DATASET EXCERPT:
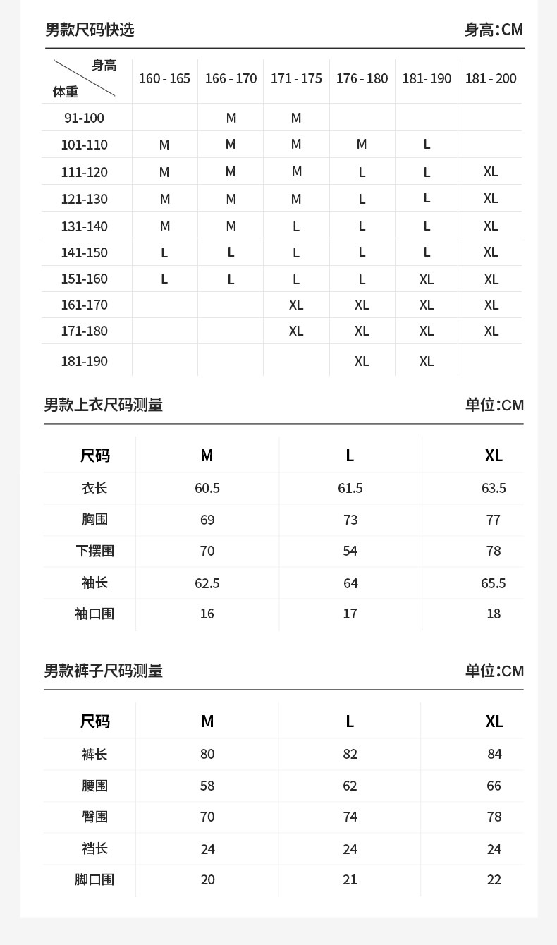 China (cm) 160-165/84-86 165-170 / 88-90 167-172 / 92-96 168-173 / 98-102 170-176 / 106-110
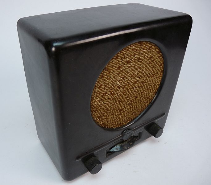 Deze originele Wega GW110 volksontvanger is een karakteristieke vintage radio uit de periode 1937-1945. Het compacte ontwerp met strakke bakelieten behuizing en ronde luidsprekeropening geeft het toestel een tijdloze, industriële uitstraling die perfect past in een retro interieur of verzameling.
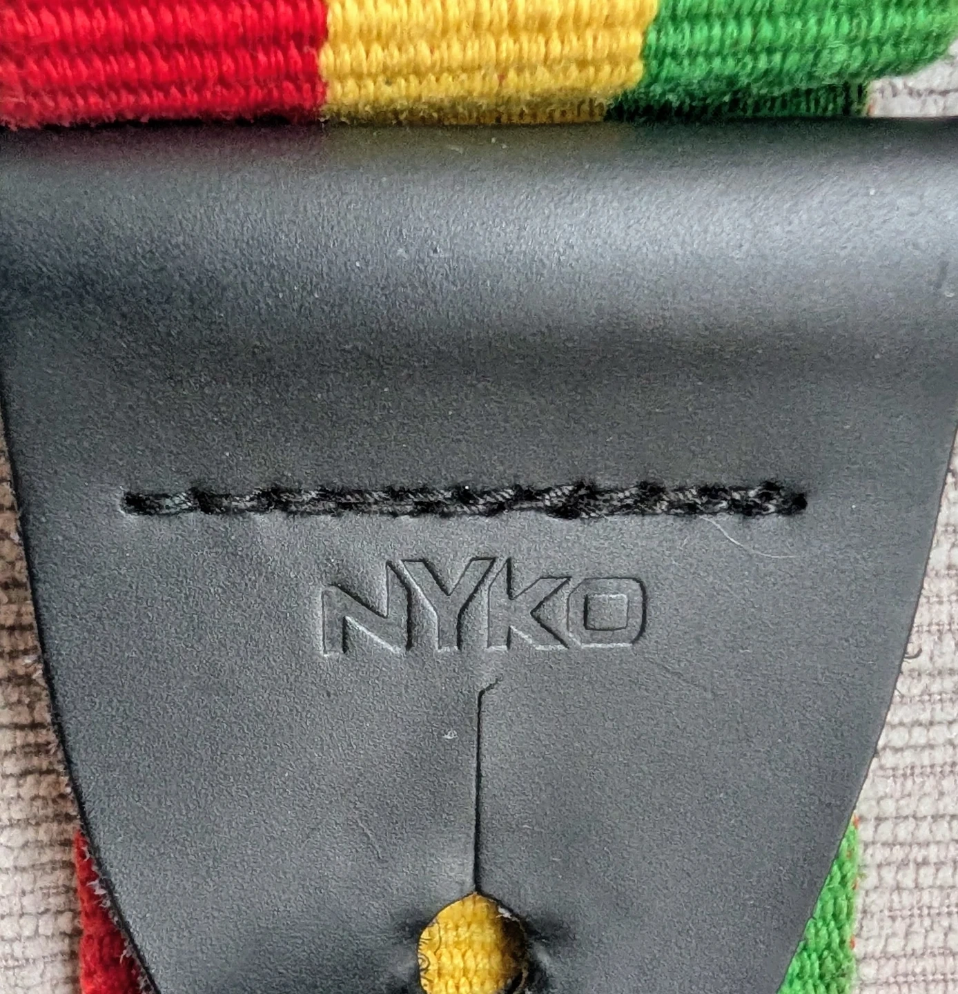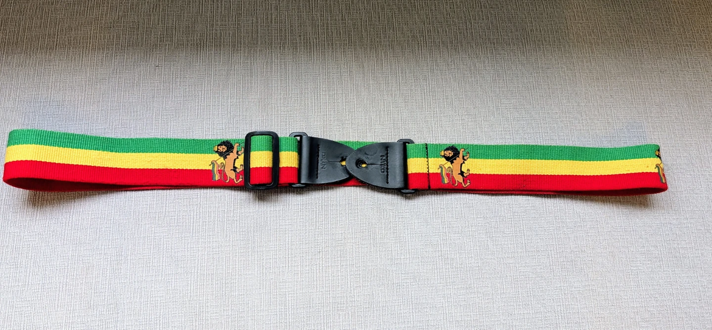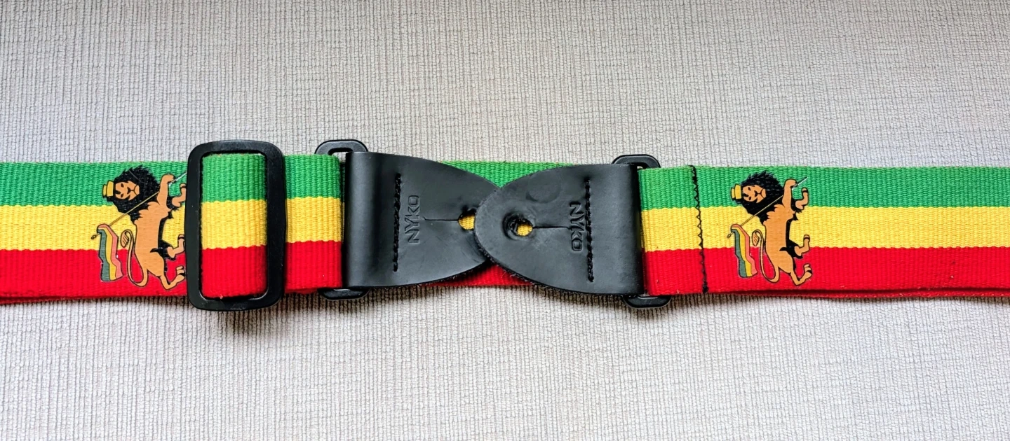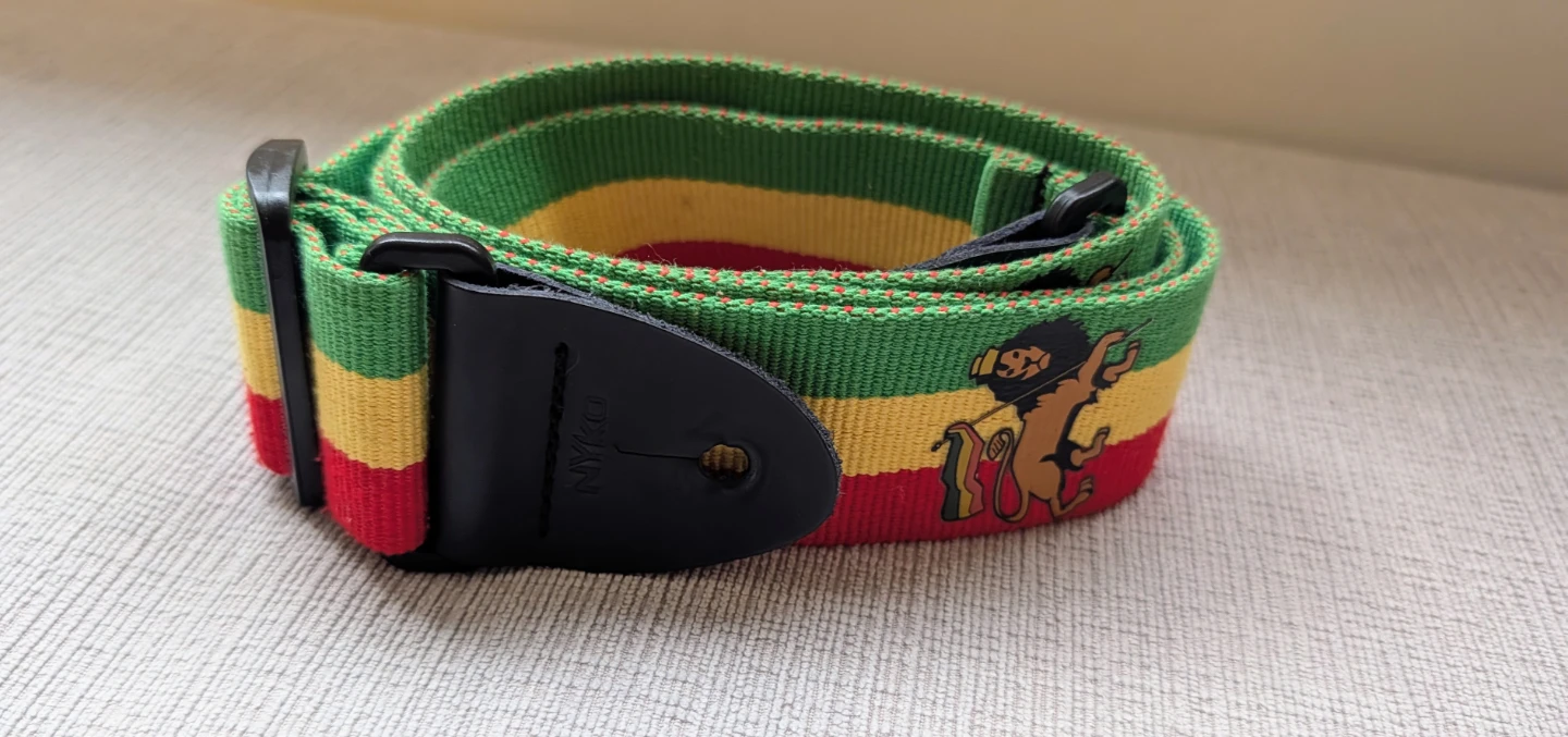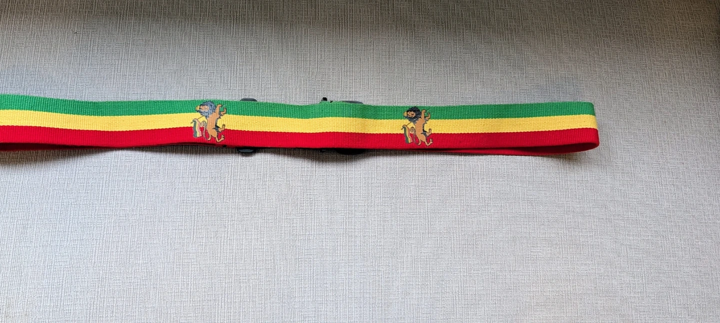Selling a NYKO guitar strap in great condition! It features a Rasta colour scheme (red, yellow, and green) and has a cool lion design. Perfect for adding some style to your guitar playing

WHAT IS BEING ASKED:
Copy out each line of the data exactly as it reads; skip the pictures.

SOLUTION TO THIS TASK:
 China (cm) 160-165/84-86 165-170 / 88-90 167-172 / 92-96 168-173 / 98-102 170-176 / 106-110
 Deze originele Wega GW110 volksontvanger is een karakteristieke vintage radio uit de periode 1937-1945. Het compacte ontwerp met strakke bakelieten behuizing en ronde luidsprekeropening geeft het toestel een tijdloze, industriële uitstraling die perfect past in een retro interieur of verzameling.
Selling a NYKO guitar strap in great condition! It features a Rasta colour scheme (red, yellow, and green) and has a cool lion design. Perfect for adding some style to your guitar playing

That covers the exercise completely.